Postmortem tissue from the frontal cortex was obtained from the Human Brain and Spinal Fluid Resource Center, VA West Los Angeles Healthcare Center, 11301 Wilshire Blvd. Los Angeles, CA 90073 which is sponsored by NIH-NINDS/NIMH, National Multiple Sclerosis Society and the Department of Veterans Affairs. In this initial study of FPP and GGPP levels, brain grey and white matter of the cerebral cortex was examined. Recent studies in AD patients indicate changes in grey matter associated with hypometabolism, specific neuropsychiatric symptoms and behavior (Bruen et al., 2008; Chetelat et al., 2008). However, to confirm the specificity of the isoprenoid elevation, we additionally measured FPP, GGPP, and cholesterol levels in the white matter of the same samples.
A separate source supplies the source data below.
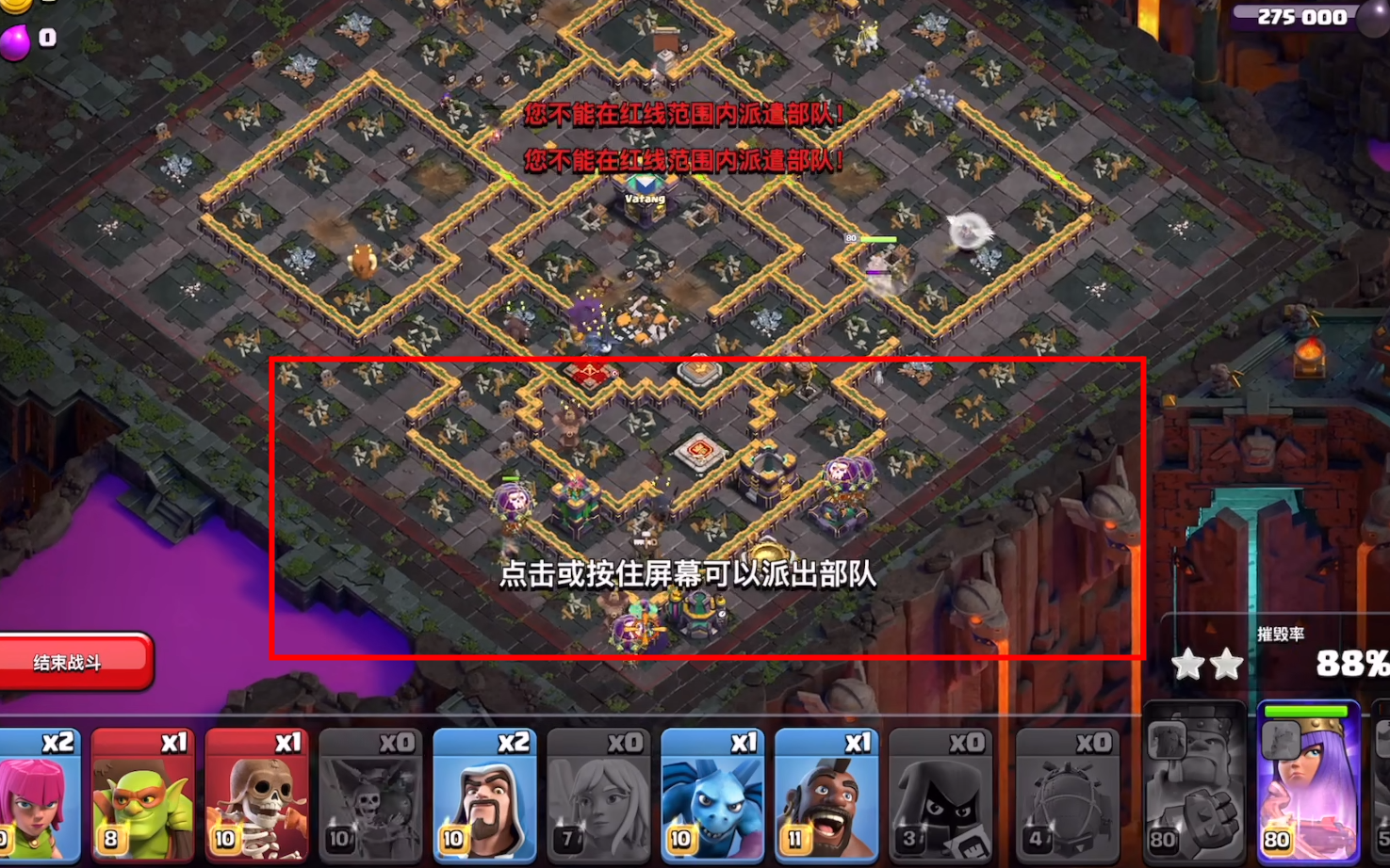 接著等閏土陣亡之后,對(duì)面基本上也就剩下方的幾個(gè)建筑物了,這里我們使用氣球兵強(qiáng)拆即可。如果對(duì)面剩下的建筑比較多,也可以丟幾個(gè)法師去女皇的后面進(jìn)行輸出,這里基本上就可以完美通關(guān)了。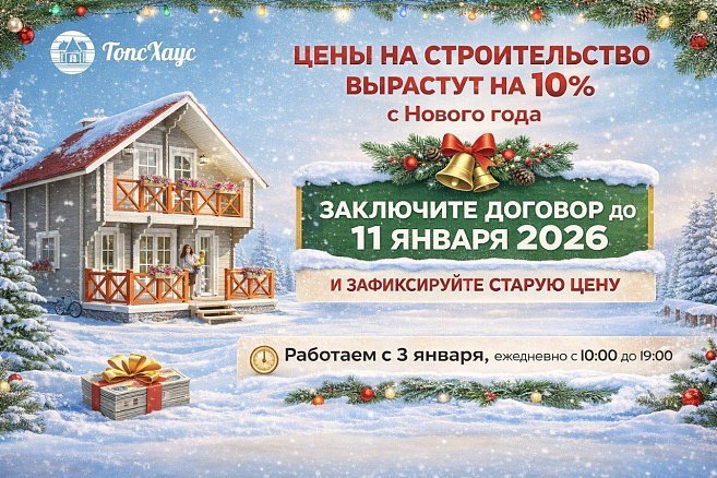 Скидка 10% на домокомплект на все строения, кроме бань, бытовок и теплых домов. Срок проведения акции с 31.12.2025 по 11.01.2026
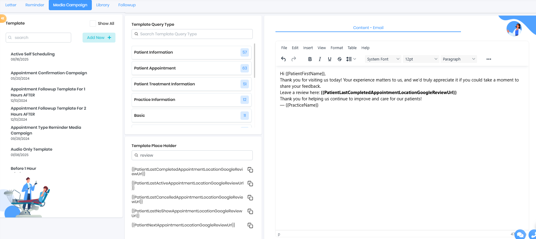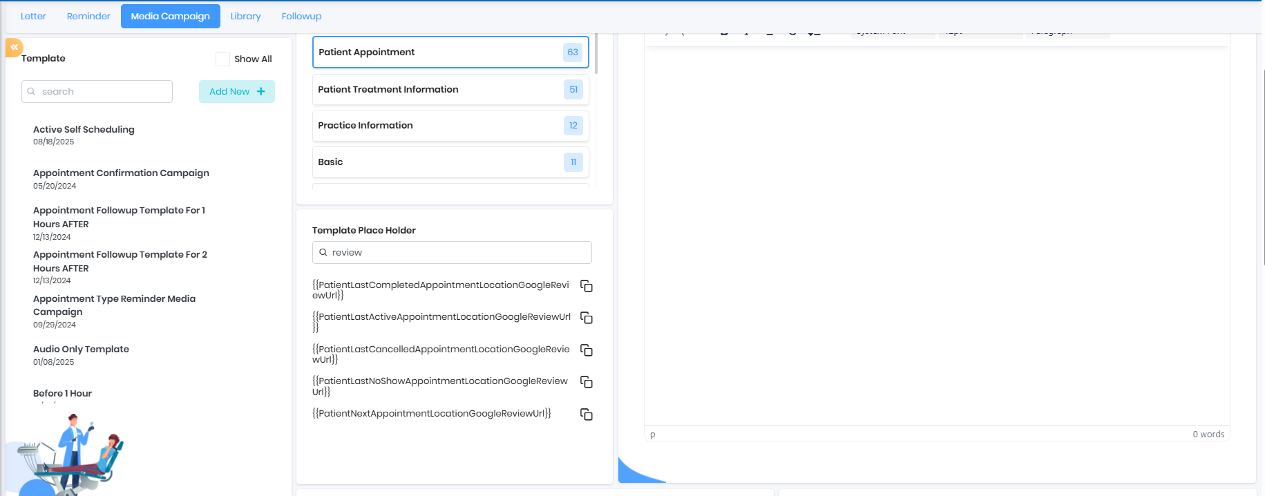 2. Set up the Media campaign template from the appointment type

At autopsy, brains were cut into coronal sections (2–4) and a sample of frontal cortex tissue of each sample was frozen and stored at − 80 °C. Patients with AD were classified according to the criteria of the Consortium to Establish a Registry for AD (CERAD) and Braak stages. Controls were neurological normal. The donor age varied between 70 and 88 years and the average post mortem interval (PMI) was 15.5 h (see Table 1). No correlation between individual PMI and FPP or GGPP levels were found (data not shown). For sample preparation, a small piece of frozen cortex was immediately dissected into grey and white matter and homogenized.

Table 1.

Patient information on control and Alzheimer subjects.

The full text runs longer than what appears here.